You can create a fake ecosystem, though, and I’ll explain a bit how that works. Of course it doesn’t end up being trivial, but it’s contained. It’s not trying to cover the CVS branches, those would require a setup of bonsai, which I chicken away from. Take this post with a grain of salt, I assume there are some errors here as most of it is typed from memory.
As with any recipe, here are the list of ingredients:
- A set of hg repositories, both for a fake application and some fake l10n repos.
- An hg server serving those repositories (make that port 8001).
- Some buildbot infrastructure working on top of these repositories that you’re trying to test.
- Possibly an instance of the l10n dashboard presenting both the build and the l10n data.
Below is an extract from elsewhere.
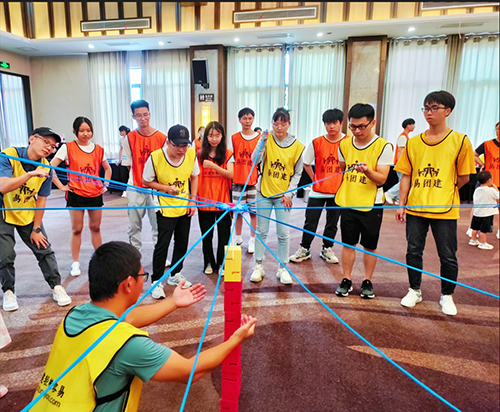“合力建塔”也是非??简瀳F隊合作的一項活動,需要每位隊員在不用手觸碰,只靠牽引繩的情況下搭起高塔,幾根長長的繩索就是大家傳遞力量的紐帶。這個項目需要大家發(fā)揮合力,快速而又沉著地完成任務,是團隊協(xié)作能力的最好詮釋?;顒又嘘爢T們圍圈而動、聚焦中央,個個屏息凝神,緊張到手心出汗,舉力、拉滿、移位、對接、下放……每一個動作大家都全神貫注、絲絲扣力,不敢有一絲怠慢。通過這個活動,參賽的團隊收獲了建塔的喜悅,更拉近了同事的距離,懂得了通力合作的意義。

The initial chunk is creating the repositories. I created a helper script create-stage that does that, which is part of buildbotcustom/bin/l10n-stage. It’s main purpose is to get the templates, hooks etc that are part of our server-side setup on hg.mozilla.org, create some upstream repos for en-US and l10n, and push some initial content from a set of working clones. You call it like
python l10n-stage -l stagedir
The -l keeps the l10n repositories from pushing their initial content, which yields a scenario that is closer to what we have upstream, i.e., a flock of en-US pushes before the l10n repos start. This command creates a bunch of main repositories in the repos subdir of stagedir, and a bunch of working clones in workdir. It also creates a webdir.conf, that you’ll use to run the local hg http server. Let’s run that now, in stagedir:
hg serve -p 8001 --webdir-conf=webdir.conf -t repos/hg_templates
Now you have a local setup of a application repository called mozilla, and 4 localizations in l10n, ab, de, ja-JP-mac, x-testing. They’re all equipped with the same hooks that we run on hg.m.o, in particular, they support pushlog.
Now on to the buildbot infrastructure. There’s a sibling script to create-stage, create-buildbot, which should create a master setup that is rather close to what we run on releng. It supports various degrees of parallelism for multiple slaves on three platforms, does only dummy builds, though. IIRC. I want to go into more detail on how to set up the new dashboard master, though.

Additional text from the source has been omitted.